J’ai beaucoup aimé que le récit soit mené par Klara, dont regard est kaléidoscopique : ce qu’elle voit est compartimenté et elle semble avoir du mal à envisager le monde dans son ensemble. (Nous aussi, par moments, on peut trouver les réactions des différents protagonistes difficiles à décrypter, mais c’est parce qu’on les perçoit à travers les yeux de Klara). L’écriture d’Ishiguro est volontiers suggestive, très douce, à la fois fluide et scandée, un peu répétitive, à l’image de son héroïne robot.

« Bientôt le paysage changea si rapidement autour de moi que j’eus la peine à y mettre de l’ordre. À un moment donné, les autres voitures remplirent une boîte, tandis que dans les boîtes qui vinrent se placer immédiatement à côté s’empilaient des segments de la route et du champ alentour. Je fis de mon mieux pour préserver la ligne fluide de la route qui se déplaçait d’une boîte à l’autre, mais avec la vue qui changeait constamment, je décidai que ce n’était pas possible, et je laissai la route se briser et repartir de zéro chaque fois qu’elle franchissait une frontière. »

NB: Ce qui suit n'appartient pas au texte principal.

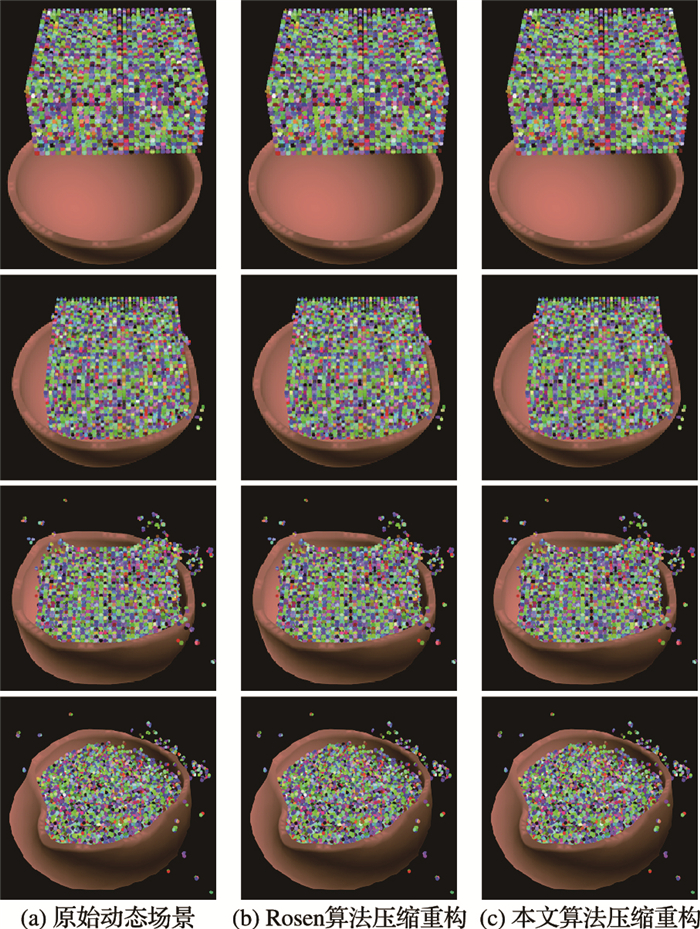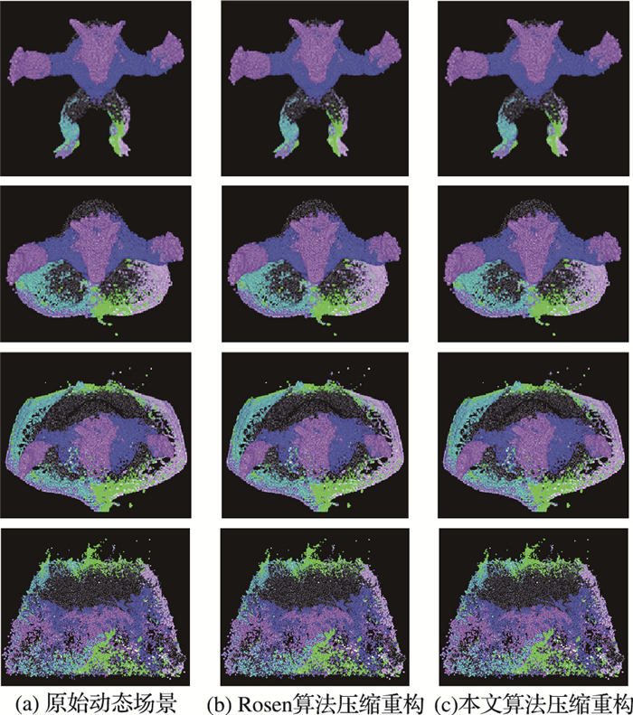 表 2给出了不同误差阈值时本文算法同Rosen算法顶点平均误差的比较。场景误差中的相对误差是用户定义的误差阈值和相应场景AABB中最大数值的比值;平均误差是所有顶点在整个运动过程中的原始空间位置和重构空间位置之差的平均值;误差比值是本文算法同Rosen算法的平均误差比值。从表中可看出,本文算法的平均误差比Rosen的小,主要原因是由于对散的顶点的压缩。Rosen通过获取顶点在关键帧的空间位置,然后通过线性插值的方式重构顶点的运动轨迹。而本文算法通过存储散点的原始空间位置或使用其所在刚体的运动矩阵得到运动轨迹,从而减小了顶点三维空间位置的重构误差。但因此最后的压缩比,相比Rosen算法会稍微有点降低(表 3中压缩结果)。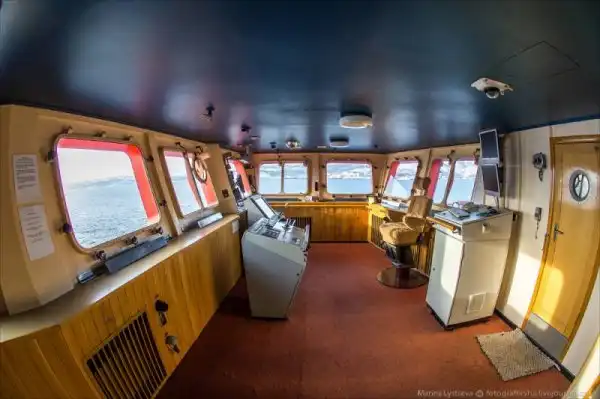 Когда ледокол идет в ночи, свет на мостике не включают, чтобы было видно, что происходит снаружи. Поэтому рабочее пространство отгораживается шторкой, чтобы свет лампы не мешал.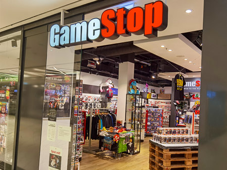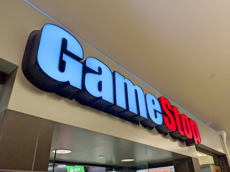 Toronto, ON, Canada – July 30, 2025: View at the sign of GameStop computer game store in shopping mall.
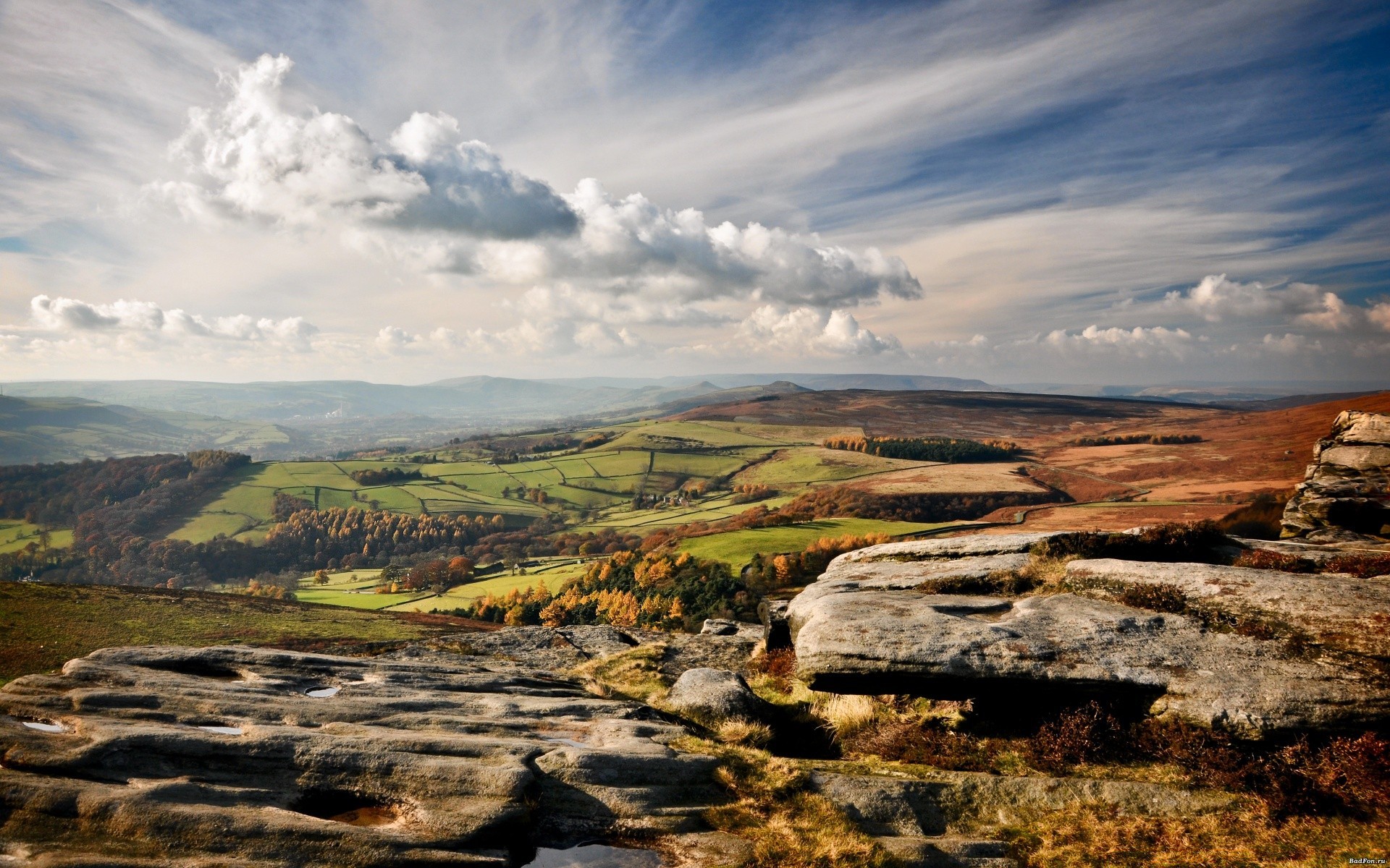 Ländliche Feldlandschaft auf bewölktem Himmel Hintergrund

Je disais que j’avais presque tout aimé : mon petit bémol se trouve dans la dimension mystique, quasi religieuse du roman. Le Soleil est un Dieu (Il est Dieu?) que Klara supplie de rendre la santé à Josie, santé qu’Il pourrait bien lui ôter définitivement s’Il était mécontent, pour on ne sait quelle raison. La dimension sacrificielle (Klara plaide coupable, se flagelle un peu trop) et la menace d’un Dieu redoutable, qui fait la pluie et le Soleil, ne sont clairement pas ma tasse de thé. Le mystique dans les livres, j’aime pas trop, mais c’est très personnel.

Il n’empêche, « Klara et le soleil » est un très beau roman, lumineux et émouvant, très joliment écrit, un roman plein d’amour, d’amour déçu, mais d’amour quand même.

Au fond, c’est peut-être moi qui suis déçue de la manière dont les choses tournent. Klara, elle, n’est qu’abnégation, jusqu’au bout.

« Croyez-vous au cœur humain ? Je ne me réfère pas simplement à l’organe, bien sûr. Je parle dans le sens poétique. Le cœur humain. Pensez-vous qu’une telle chose existe ? Cette chose qui rend chacun de nous spécial et unique ? »

 

 

21 réflexions au sujet de « Klara et le soleil- Kazuo Ishiguro »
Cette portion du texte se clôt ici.